Ahmad smiled at him, at the circle of intent, watching faces. "I did wonder if you might like to come with me."
Akil knew then that God had been listening to his prayers after all.
A WEEK LATER, HALFWAY TO THE BORDER, THEY HEARD THAT AL QAEDA had released a video of Ayman al-Zawahiri, who called Zarqawi "a soldier, a hero, an imam, and the prince of martyrs."
Karim snorted. "And it only took them sixteen days after he died to admit it."
A week after that bin Laden himself released an audio recording, which Akil and Karim heard in a cafe in Haditha whose television was tuned to Al Jazeera. "Our Islamic nation was surprised to find its knight, the lion of jihad, the man of determination and will, Zarqawi Musab al-Zarqawi, killed in a shameful American raid. We pray to God to bless him and accept him among the martyrs as he had hoped for."
Karim raised an eyebrow at Akil. "What do you think?"
"A very poor-quality recording," Akil said, and drained his cup.
They heard the broadcast of bin Laden's second audio tape in Abu Ka-mal, barely but safely over the border into Syria. "Our brothers, the mujahedeen in the al Qaeda organization, have chosen their dear brother Zarqawi Hamza al-Muhajer as their leader to succeed the amir Zarqawi Musab al-Zarqawi. I advise him to focus his fighting on the Americans and everyone who supports them and allies himself with them in their war on the people of Islam and Iraq."

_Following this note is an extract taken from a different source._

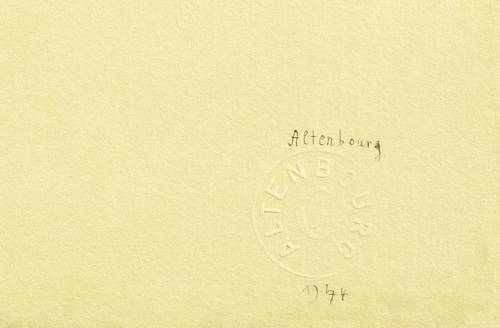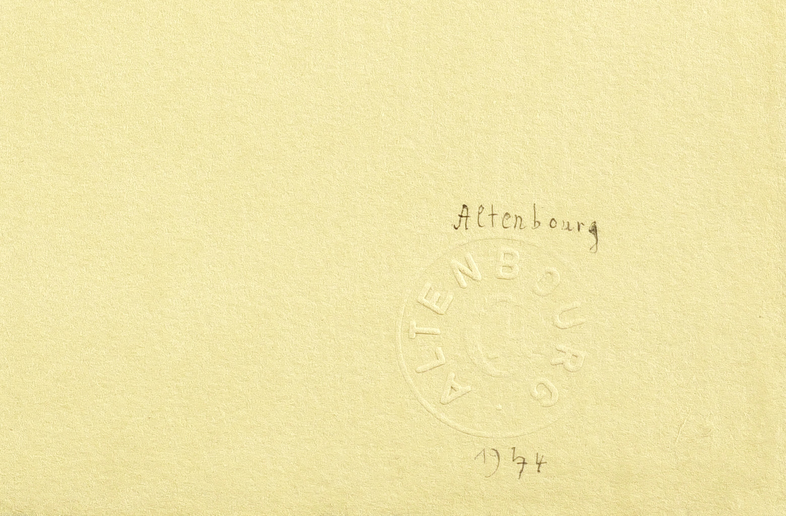 Gerhard Altenbourg (1926 Rödichen-Schnepfetal - 1989 Meißen). Deutscher Maler und Grafiker. 1929 Umzug nach Altenburg. 1944-45 Soldat im Zweiten Weltkrieg. 1946-48 als Schriftsteller und Journalist tätig, Zeichenunterricht bei Erich Dietz. 1948-50 Studium an der Hochschule für Baukunst und Bildende Kunst in Weimar bei Hans Hoffmann-Lederer. 1959 Teilnahme an der documenta II in Kassel. 1961 Gastatelier an der Kunstakademie in Westberlin. 1961 Erwerb einiger Arbeiten durch das Museum of Modern Art in New York. 1962-89 Atelier in Altenburg, Annahme des Künstlernamens "Altenbourg". 1966 Burda-Preis für Grafik in München. 1968 Will-Grohmann-Preis in Westberlin. 1970 Mitglied der Akademie der Künste, Berlin. 1977 Teilnahme an der documenta 6 und Mitgliedschaft bei der „Life Fellow of the International Biographical Association“ in Cambridge. In den 1980er Jahren Ausstellungsverbot und Schließung der Ausstellungen, da er sich den offiziellen Kunstauffassungen der DDR widersetzte. Seit 1998 vergibt das Lindenau-Museum in Altenburg aller zwei Jahre den Gerhard-Altenbourg-Preis.

Karim stared at Akil. "An Egyptian?"
"So it would seem," Akil said.
"You are not surprised," Karim said, almost an accusation.
Akil glanced at him, amused. "Zarqawi was as a father to me, and bin Laden hated Zarqawi. He didn't like Jordanians much, either, he thinks you are all spies for Amman. And never forget that his mother is a Shiite."

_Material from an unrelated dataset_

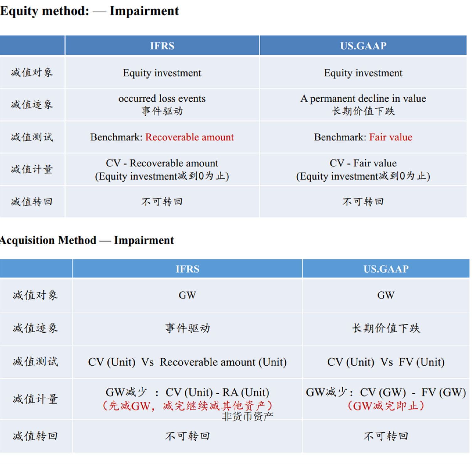 您好,同学,我附上了一张表,里面有对于equity investment和goodwill的减值介绍;

Karim brooded all the way to Damascus, where Akil replenished their funds and sent emails to the cell members directing them to contact their new leader. He ignored any replies by the simple process of discontinuing that account.
They spent two nights at the Four Seasons; a risk, Akil admitted, but Zarqawi had left the Swiss account in a very healthy state, and what was fate for, if not to be tempted? He was sure the Prophet would have understood. They outfitted themselves in a Banana Republic a block down the street, Karim looking very smart and very Western in his new clothes, and young enough to think of his appearance as something other than camouflage.

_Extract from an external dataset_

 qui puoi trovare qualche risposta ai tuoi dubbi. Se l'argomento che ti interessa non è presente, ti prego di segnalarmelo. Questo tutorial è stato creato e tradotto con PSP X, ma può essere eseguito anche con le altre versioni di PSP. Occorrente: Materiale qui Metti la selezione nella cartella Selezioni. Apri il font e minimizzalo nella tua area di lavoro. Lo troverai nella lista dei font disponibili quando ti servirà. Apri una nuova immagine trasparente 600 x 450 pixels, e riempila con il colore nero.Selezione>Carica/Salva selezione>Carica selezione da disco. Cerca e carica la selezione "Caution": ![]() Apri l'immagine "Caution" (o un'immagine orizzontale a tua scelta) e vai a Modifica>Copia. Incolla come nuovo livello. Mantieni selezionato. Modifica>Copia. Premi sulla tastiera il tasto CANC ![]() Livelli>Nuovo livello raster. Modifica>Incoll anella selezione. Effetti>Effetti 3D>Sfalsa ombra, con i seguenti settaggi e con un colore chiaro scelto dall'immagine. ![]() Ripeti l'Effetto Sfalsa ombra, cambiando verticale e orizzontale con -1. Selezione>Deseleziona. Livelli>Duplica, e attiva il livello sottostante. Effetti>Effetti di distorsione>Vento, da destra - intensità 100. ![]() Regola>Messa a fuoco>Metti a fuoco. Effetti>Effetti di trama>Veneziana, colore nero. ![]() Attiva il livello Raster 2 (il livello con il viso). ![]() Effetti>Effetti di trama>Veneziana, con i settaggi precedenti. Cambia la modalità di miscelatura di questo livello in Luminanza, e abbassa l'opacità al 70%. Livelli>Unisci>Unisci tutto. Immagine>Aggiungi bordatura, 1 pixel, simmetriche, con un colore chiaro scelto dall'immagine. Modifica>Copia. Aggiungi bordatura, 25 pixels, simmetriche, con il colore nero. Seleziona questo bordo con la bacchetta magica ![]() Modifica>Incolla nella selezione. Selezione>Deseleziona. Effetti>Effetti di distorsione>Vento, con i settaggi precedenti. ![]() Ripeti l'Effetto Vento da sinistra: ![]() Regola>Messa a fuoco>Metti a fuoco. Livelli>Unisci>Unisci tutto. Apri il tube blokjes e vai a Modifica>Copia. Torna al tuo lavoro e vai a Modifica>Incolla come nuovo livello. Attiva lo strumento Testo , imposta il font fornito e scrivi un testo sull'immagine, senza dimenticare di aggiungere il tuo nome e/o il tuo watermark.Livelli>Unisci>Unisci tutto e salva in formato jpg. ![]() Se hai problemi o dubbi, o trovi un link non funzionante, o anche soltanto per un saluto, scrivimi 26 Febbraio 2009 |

They ate a sumptuous meal in an
Indian restaurant in a quiet neighborhood, and found a late-night cafe where the waiter didn't hurry them over their coffee. Karim watched the girls walking by in giggling groups. Akil watched the omnipresent television hung from the ceiling in one corner, this one tuned to CNN. An earthquake in the Far East, more bombings in the Middle East, a plane crash in South America. Tony Blair on his way out due to his slavish allegiance to George Bush's Iraqi agenda. A space shuttle landing at Cape Canaveral after a successful mission to the International Space Station, and then someone from NASA came on to talk about the retiring of the space shuttle in 2010, and the missions scheduled between now and then.
In business news the world's stock exchanges were climbing to new highs, well into recovery from the burst tech bubble a few years back. Construction of new homes was also at a new high. Rupert Murdoch was buying more newspapers and media conglomerates. There was a brief spot on Al Jazeera and how it had become the voice of record to Muslims everywhere. An American media company was being simultaneously lauded and chastised for carrying Al Jazeera on its basic programming. It seemed even the Pentagon was watching Al Jazeera nowadays. Pity it wasn't the White House.
Karim spoke to him twice before he heard him. "I'm sorry, Karim," he said, turning. "What did you say?"
"You have not told me where we are going," Karim said, a little diffidently. One learned not to question in Zarqawi's organization, one learned to obey. "Or when. Or what we do next."
Akil forced a smile. "All in good time, Karim."
Karim looked at him, worried. Isa seemed very preoccupied and remained so all the way back to the hotel.
It wasn't until they got to the airport and Akil gave him his ticket that Karim realized their destination was not the same. "Isa!" he said in consternation. "I want to go with you! I follow you! I look to you!"